He using a long stuffed snake like toy and the ferret was going out at it gnawing on it and even going for a tug of war.
"Come on, get the bad guy! Get the bad guy!" Raymond encouraged. "Get that mother fucker!"
The little rodent snarls, biting into the toy like it owed him lunch money. His owner laughed and chuckled. "Alright. Good boy."
As this happened the door opened and Ethan came out. "Come on." The white haired man nods, standing up from the seat to follow his father inside. Louie follows the toy still in his left hand.
Passing through the living room he saw Emberlynn was still there. But he choose to ignore her and followed Ethan into the kitchen. At the table Emily was there taking a seat.
Ray took a seat as well. "Why's still here?" Was his first question.
"We've had a talk." The matriarch tells the young man.
"Yeah. And?"
"We've managed to talk and convince her.." Emily began.
"To leave me alone?"
Ethan joined in. "Actually no."
"No?"
"Right now your being punished."
"What do you mean?" Raymond narrows his yellow eyes at the pair blue eyes.

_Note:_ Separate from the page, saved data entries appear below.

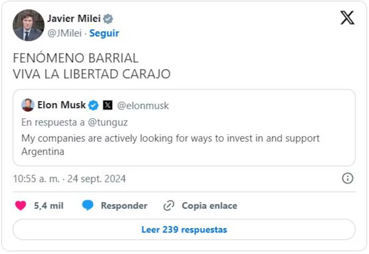 En el marco de la visita de Milei a Estados Unidos por la 79° Asamblea General de las Naciones Unidas, un usuario de X, Bojan Tunguz, retuiteó un video del encuentro entre el presidente argentino con Musk y escribió "Argentina >>> Brasil". El dueño de Tesla, SpaceX, Starlink y X le respondió: "Mis compañías están buscando activamente formas de invertir y darle apoyo a la Argentina”.
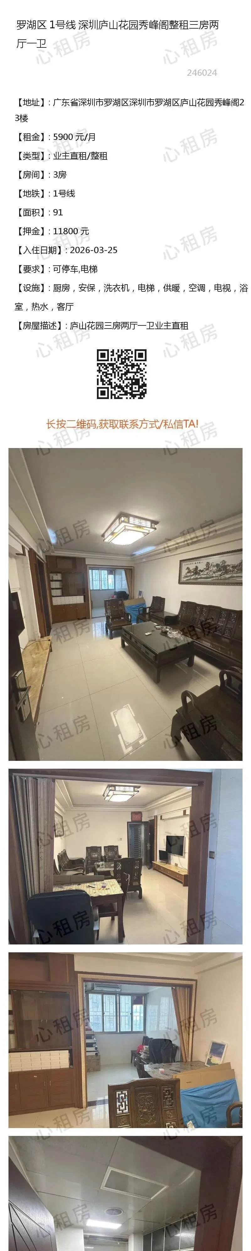 深圳租房>>罗湖区1号线深圳庐山花园秀峰阁整租三房两厅一卫5900元/月深圳房>>罗湖区3号线深圳罗湖区幸福华府A栋转租大单房3400元/月 查看不同房源→→深圳心租房公众号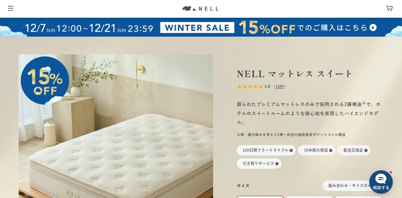 「NELLマットレス スイート」 クーポン15%OFF!最大割引き30000円!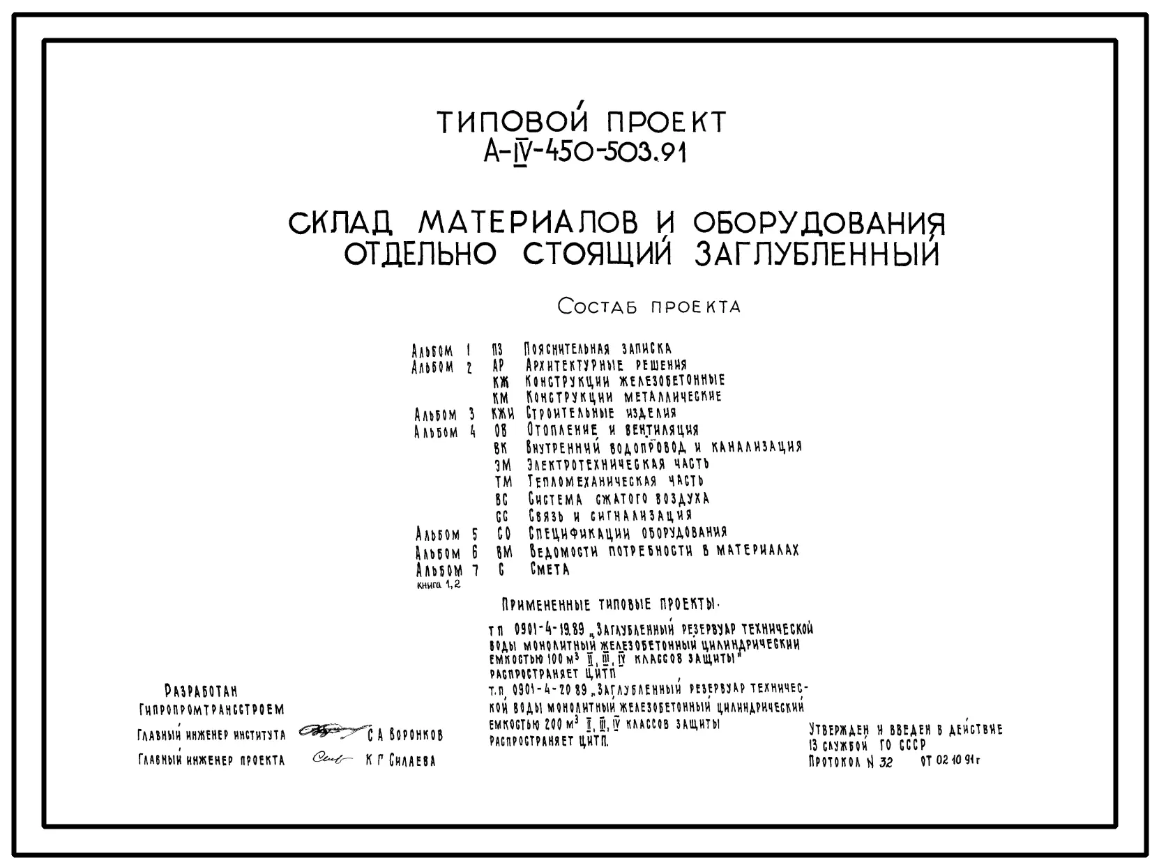 Типовой проект А-IV-450-503.91 Склад материалов и оборудования отдельно стоящий заглубленный. Стены монолитные железобетонные (убежище на 450 человек, размеры убежища 26,6м на 18м, режимы вентиляции 1,2,3)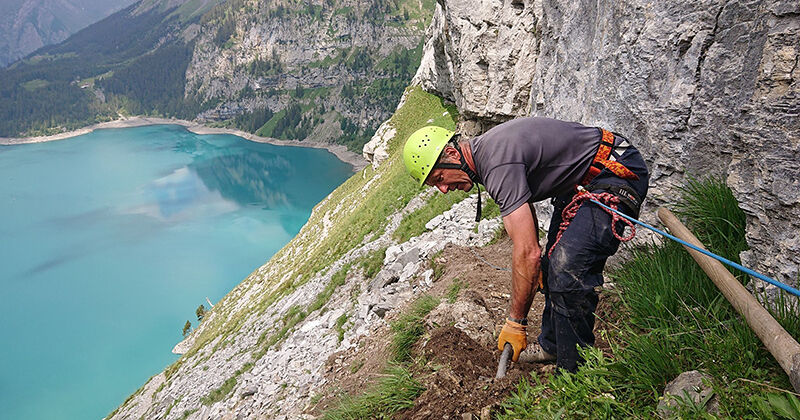 Als je in Kandersteg uit de trein stapte en je blik op de Blüemlisalp richt, kon je de "Spitzen Stei" al zien - tot een paar maanden geleden. Eeuwenlang troonde de monoliet boven het Öschinen-meer. Maar afgelopen winter brak het bovenste deel van de "Spitzen Stei" af en dreigt hij volledig te verdwijnen, inclusief de bergflank waarop hij staat. Anderhalve vierkante kilometer is in beweging. De route van de Fründenhütte vanuit het noordelijke Öschiwald wordt direct beïnvloed door deze situatie en is tot nader order gesloten. De nieuwe weg leidt over de Fründenschnuer, een open pad dat horizontaal langs een machtige rotswand loopt en voorheen alleen beschikbaar was voor alpinisten, gemzen en steenbokken. Als je aan de andere kant van het meer staat en naar de muur kijkt, kun je nauwelijks geloven dat er een manier is voor bergwandelaars om er doorheen te komen.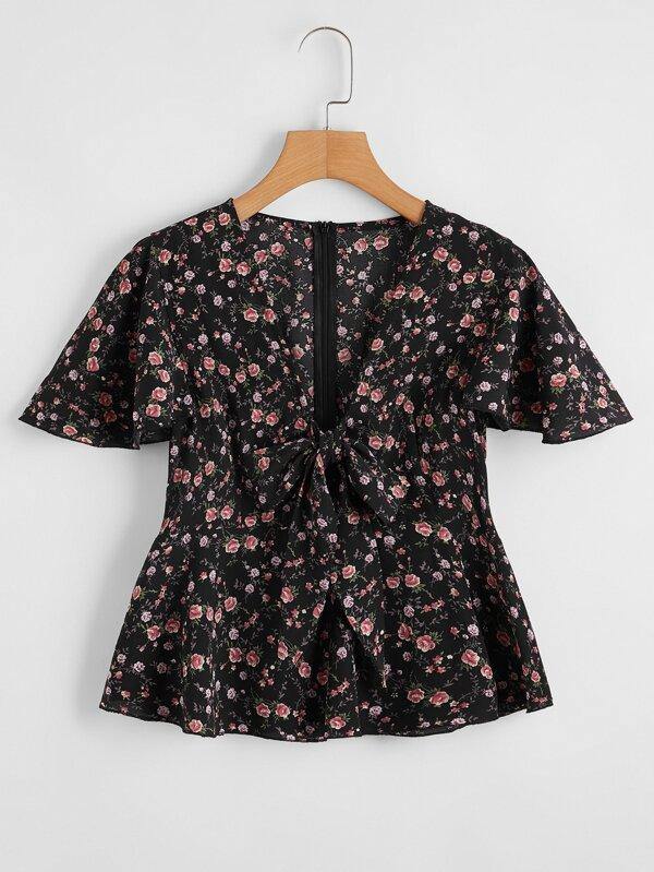 Knot Front Ruffle Hem Ditsy Floral Blouse

"Ray, here's what's gonna happen. For the next week your gonna be spending some time with her." His mother answered.
"What!?" He was sure multiple of his brain cells had just exploded. "What do you mean!? This is my punishment!?"
"Exactly as we said." Ethan answered plain as day. "And yes it is."
"Are you fucking kidding me right now!?"
The taller man looks down at his son, raising an eyebrow. "No. But I got a joke for you. Knock, knock."
"I'm not answering that."
"Because you already know the punchline."
"This your bright idea of punishment? I gotta waste a whole week with some chick who keeps rubbing my tail?" He knew that's what it had to been while he was sleeping.
It's the only logical explanation. His family hasn't touched it since he was in senior year.
"Raymond, we've talked to her and in truth. She's just curious about you. That's all."
"Yeah, of course you would." If they saw her room like he did, they'd think otherwise.
"Just suck it up and do this for us."
"The hell, should I?" Raymond crossed out his arms. "I got other things to do."
"I can call some of our employees to help out." Ethan tells him. "You just make sure you both stay out of trouble."
"So, your idea and form of punishment is me hanging out with the same chick who I just met last night." Raymond frowned. "You out of your mind?"
"No sir, our doctor checked this morning." Emily smirked.
"Ma, if you seen what she's obsessed with you'd think otherwise."
"Raymond you should know better than having always first impressions let you cast judgement. Remember how I told your granpda and grandma on my side of the family were...active? I don't see no difference."
"Not like this chick."
"She ain't no serial killer is she?" Ethan threw out the question.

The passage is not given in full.